Ocho turned toward his older brother and closest friend. “Diego is a dreamer. I look good playing this game because the other players are not so good. The pitch I hit out tonight was a belt-high fastball right down the middle. American major league p
itchers don’t throw stuff like that because all those guys can hit it.”
“Could you pitch there?”
“In Cuba my fastball is a little faster than everyone else’s. My curve breaks a little more. In America all the pitchers have a good fastball and breaking ball. Everyone is better.”
Hector laughed. “So you aren’t interested in going to America and getting rich, like your uncle Tomas?” Tomas had defected ten years ago while a team of baseball stars was on a trip to Mexico City. He now owned five dry-cleaning plants in metropolitan Miami. Oh, yes, Tomas was getting rich!
“I’m not good enough to play in the big leagues. Diego tells me I am. I think he believes it. He wants me to go, take him with me, sign a big contract. I’m his chance.”
“He wants to go with you?”
“That’s right.”
“On a boat?”
“He says he knows a man who has a boat. He can take us to Florida, where people will be waiting.”
“You believe that?”
“Diego does. That is what is important.”
“You owe Diego a few hours of sweat on the baseball field, nothing else.”
Ocho didn’t reply. He lay back on his elbows and wiggled his feet.
“Why don’t you tell me all of it?” Hector suggested gently.
Ocho didn’t look at him. After a bit he said, “I got Diego’s daughter pregnant. Dora, the second one.”
“He knows this?”
Ocho nodded affirmatively.
“So marry the girl. This is an embarrassment, not dishonor. My God, Mima was pregnant when Papa married her! Welcome to the world, Ocho. And congratulations.”

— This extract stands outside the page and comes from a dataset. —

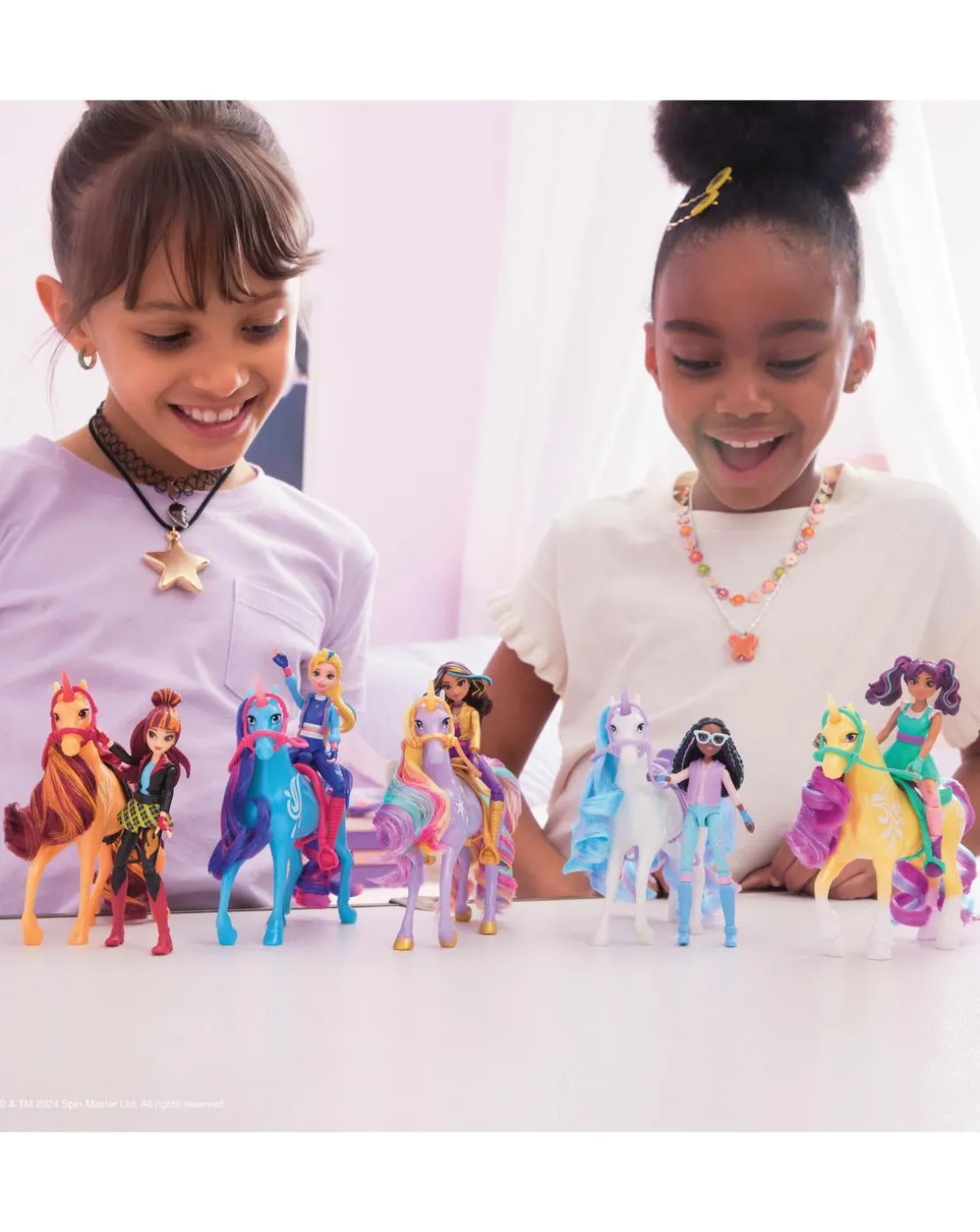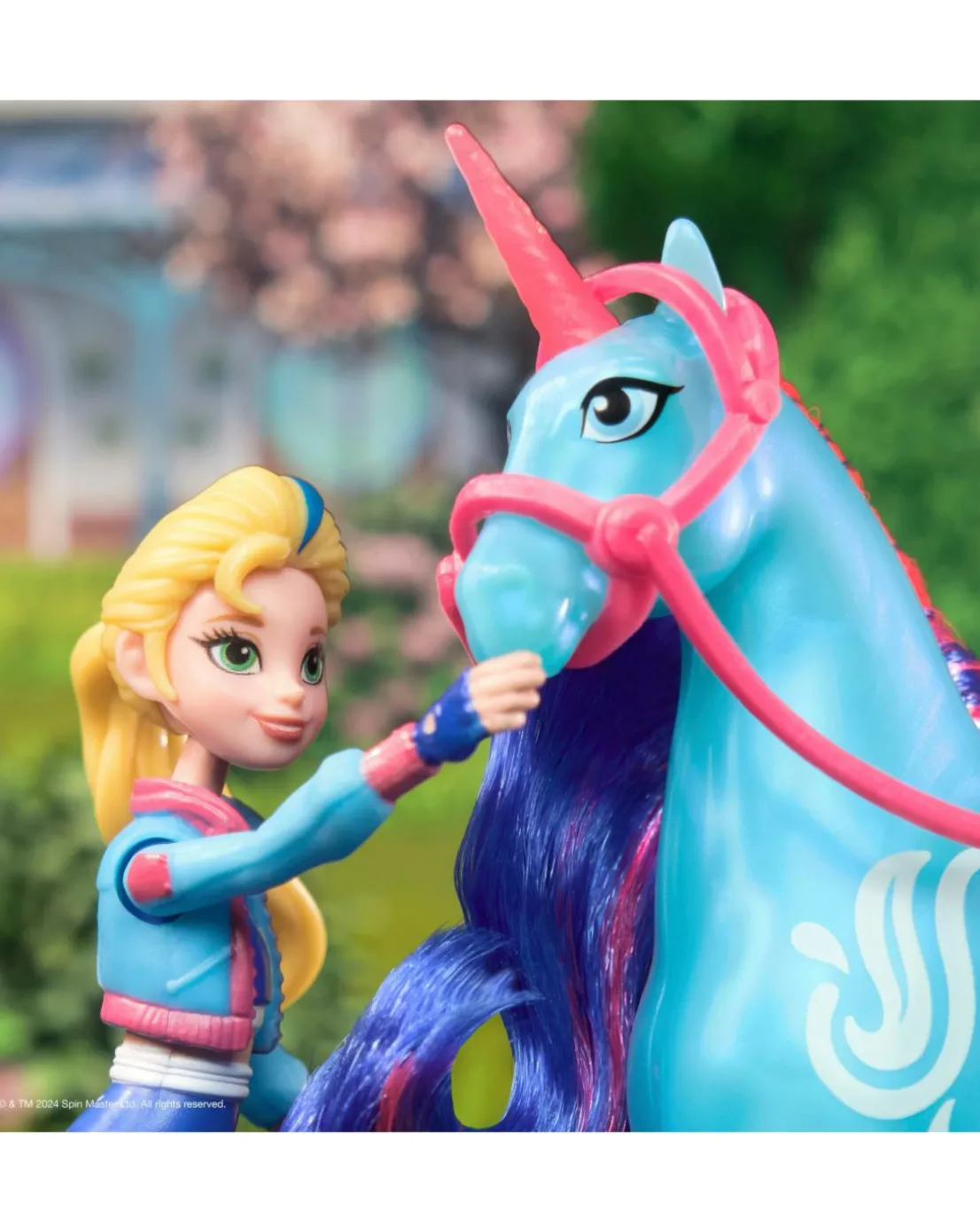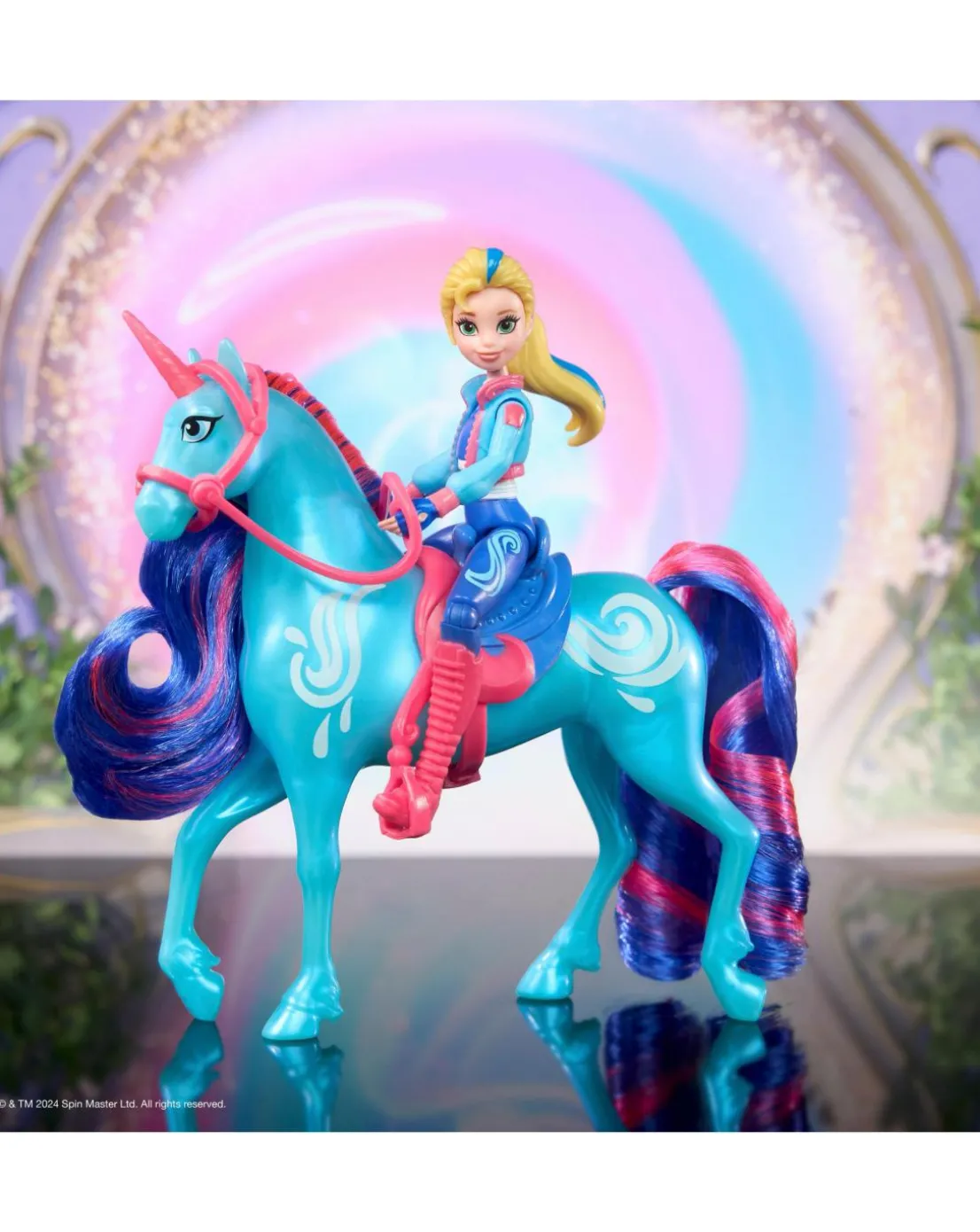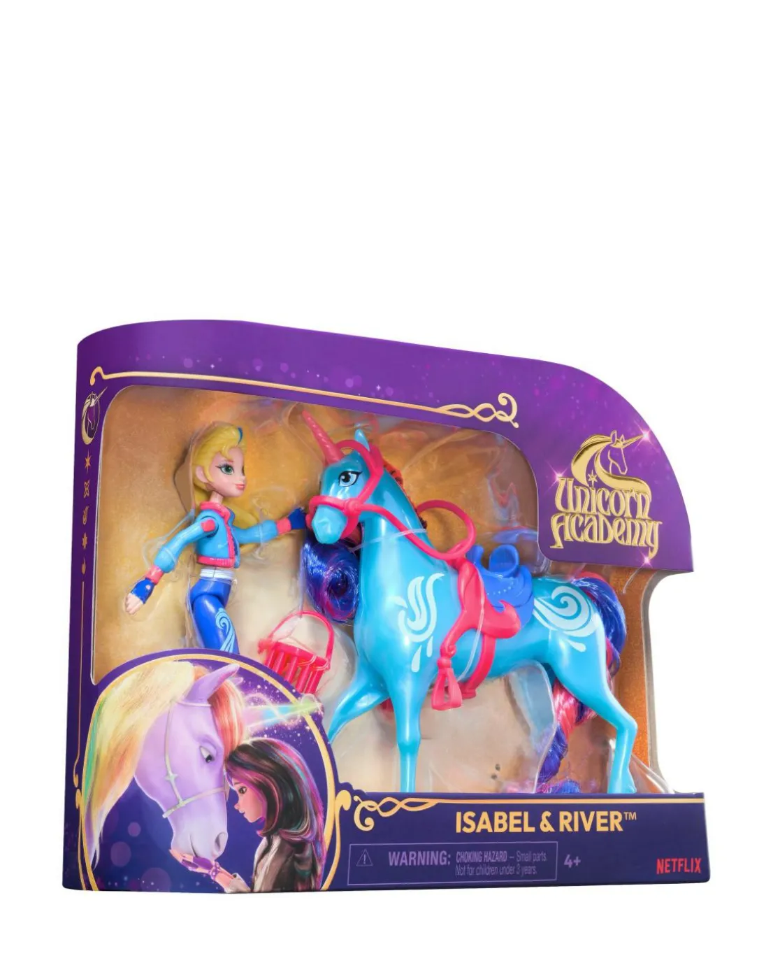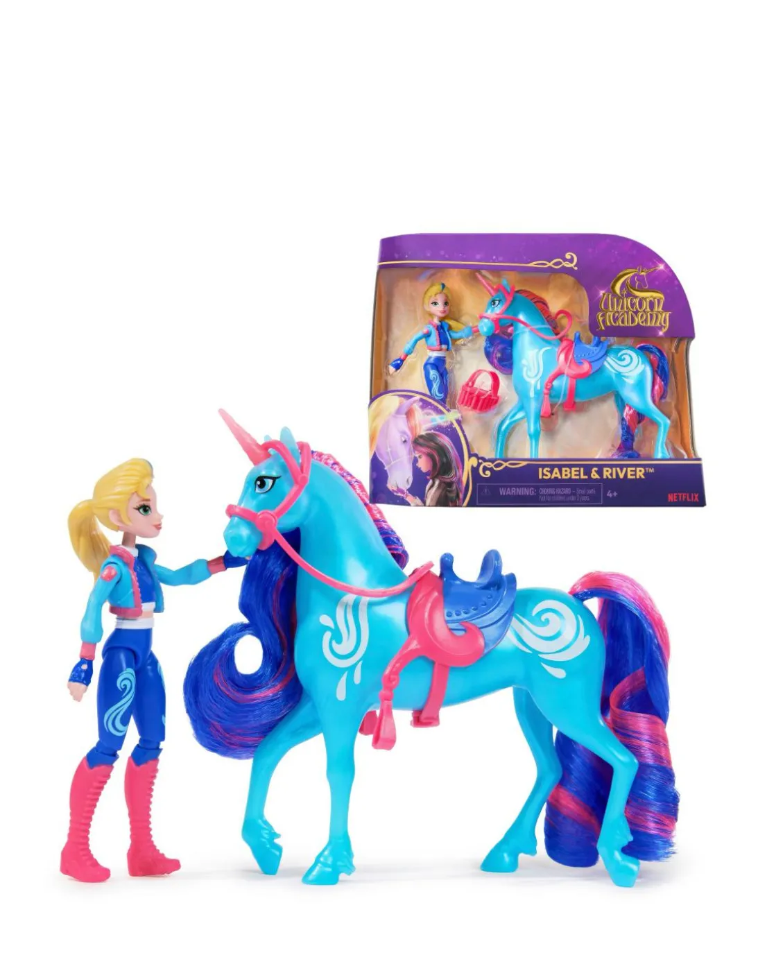 Celebrate the bond between rider and unicorn with the Unicorn Academy Isabel & River Set. Inspired by the NETFLIX animated show and best-selling book series where friendship reins, this set will spark endless imaginative storytelling. 11.4cm Isabel features realistic true-to-show details and 7 points of articulation for dynamic poses. River stands at 12.7cm tall, complementing Isabel’s look with Water Magic markings and brushable blue and pink mane and tail (brush included). As you play, pose Isabel to sit on River and ride into adventure. With the removable bridle and saddle accessories, Isabel can securely stay in place on River. For more ways to experience Unicorn Academy with your favourite characters, look for the other small dolls, including Sophia, Ava, Layla, Valentina and their unicorns (sets sold separately) and expand your world. For kids who enjoy unicorns and horse toys, dolls and accessories, doll house play, collectibles, plush toys and more, Unicorn Academy toys are fun birthday gifts for girls or gifts for any occasion. Experience enchanting Unicorn Academy adventures with the Isabel & River Set.

“Diego is the girl’s father.”
“I will talk to him,” Hector said. “You are both young, with hot blood in your veins. Surely he will understand. I will promise him that you will do the right thing by this girl. You will stand up with her in church, love her, cherish her … .”
“Diego wants the best for her, for the baby, for me.”
“For himself.”
“And for himself, yes. He wants us to go on his friend’s boat to America. I will play baseball and earn much money and we will live the good life in America. That is his dream.”